This repository contains the code and resources for the paper "Leveraging Latent Space Scaling in Flow and Diffusion for Efficient Text to Image Generation".
Accepted at ICCV AIGENS workshop 2025.
TL;DR: This framework accelerates text-to-image generation by shifting the early timesteps of diffusion and flow to a lower resolution in latent space. Compared to traditional methods, it achieves better image quality.

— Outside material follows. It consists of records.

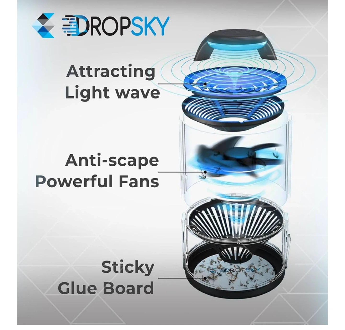 I'm selling a brand new Dropsky Fly Trap still in its original box! It's a 2.5W electric fly trap that uses a long-range sticky glue board and a luring UV light to attract and trap flies. It also features anti-escape powerful fans. Comes with 1 device and 2 refills!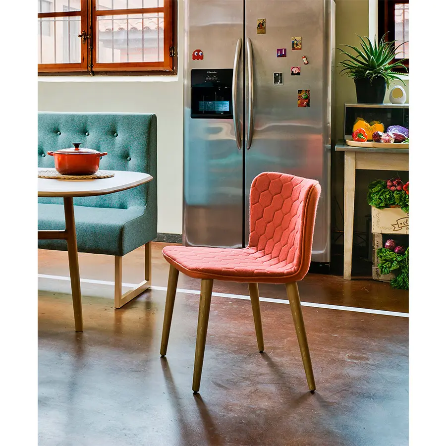 La colección Tea se caracteriza por incorporar un original acolchado de trama hexagonal en las zonas de asiento y respaldo. El vivo delimita dicho acolchado y lo diferencia del tapizado liso de la base. Al igual que sus predecesoras, el taburete permite crear piezas bi (bi-color y bi-texturas).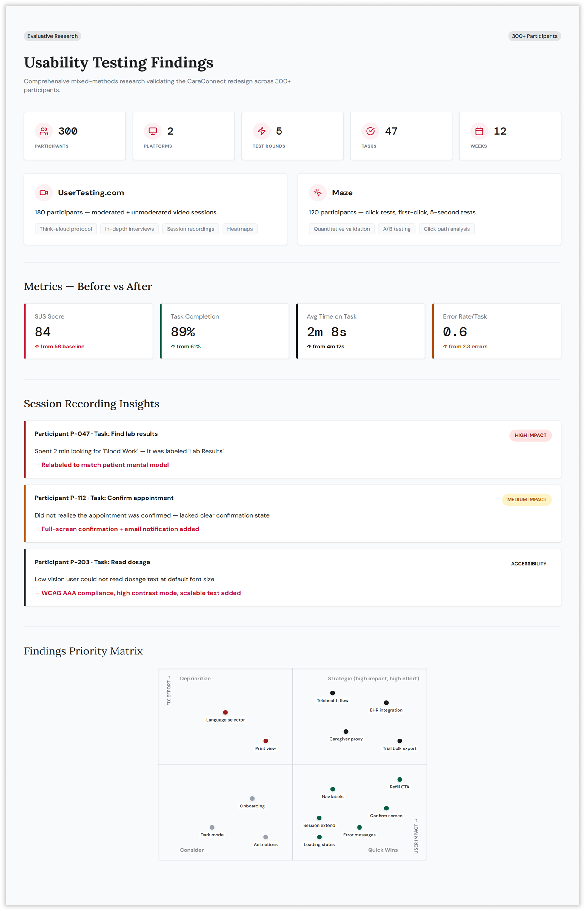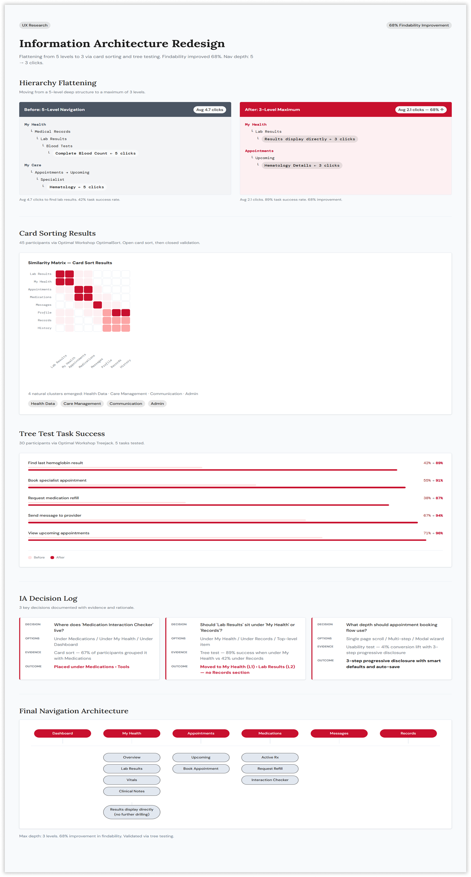 The work also reinforced something I believe deeply about the relationship between research and design: the navigation architecture that improved findability by 68% did not come from design intuition. It came from 75 card-sorting participants telling us, independently, that they expected lab results to live under health information rather than records. The design was the last step, not the first. The facilitator work — running design thinking workshops with clinicians, compliance officers, and patients in the same room, managing the tension between what engineers wanted to build and what patients needed to use — was as important as any wireframe.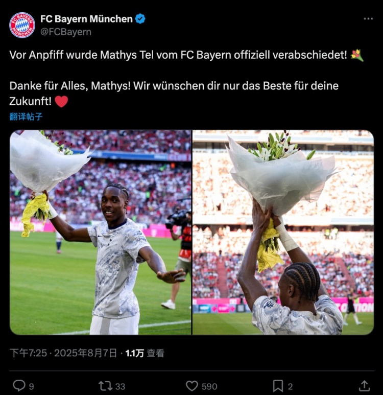 拜仁官方社媒写谈:开球前,拜仁精致送别马蒂斯-特尔!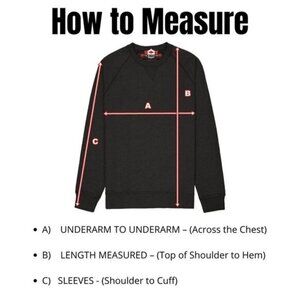 • Measurements: A) Width 25 (B) Length 27.5 (C) Sleeve 28

Flow matching and diffusion models have shown impressive results in text-to-image generation, producing photorealistic images through an iterative denoising process. A common strategy to speed up synthesis is to perform early denoising at lower resolutions. However, traditional methods that downscale and upscale in pixel space often introduce artifacts and distortions. These issues arise when the upscaled images are re-encoded into the latent space, leading to degraded final image quality. To address this, we propose Latent Space Scaling Generation (LSSGen), a framework that performs resolution scaling directly in the latent space using a lightweight latent upsampler. Without altering the Transformer or U-Net architecture, LSSGen improves both efficiency and visual quality while supporting flexible multi-resolution generation. Our comprehensive evaluation covering text-image alignment and perceptual quality shows that LSSGen significantly outperforms conventional scaling approaches. When generating
$1024^2$ images at similar speeds, it achieves up to 246% TOPIQ score improvement.
- Python 3.8+
- PyTorch 2.0+
- Diffusers 0.33.*
To use the LSSGen framework with Diffusers pipeline style, you can follow the example below.
dtype = torch.bfloat16
device = "cuda"
from network.models.upsampler import LatentUpSampler
upsampler = LatentUpSampler.from_pretrained(UPSAMPLER_PATH, torch_dtype=dtype).to(device)Latent Upsampler model is under weights folder. Example:
UPSAMPLER_PATH = "weights/FLUX-VAE-scaler"The FLUX pipeline supports all FLUX.1 text to image models, including FLUX.1-dev, FLUX.1-schnell, and FLUX.1-Krea-dev.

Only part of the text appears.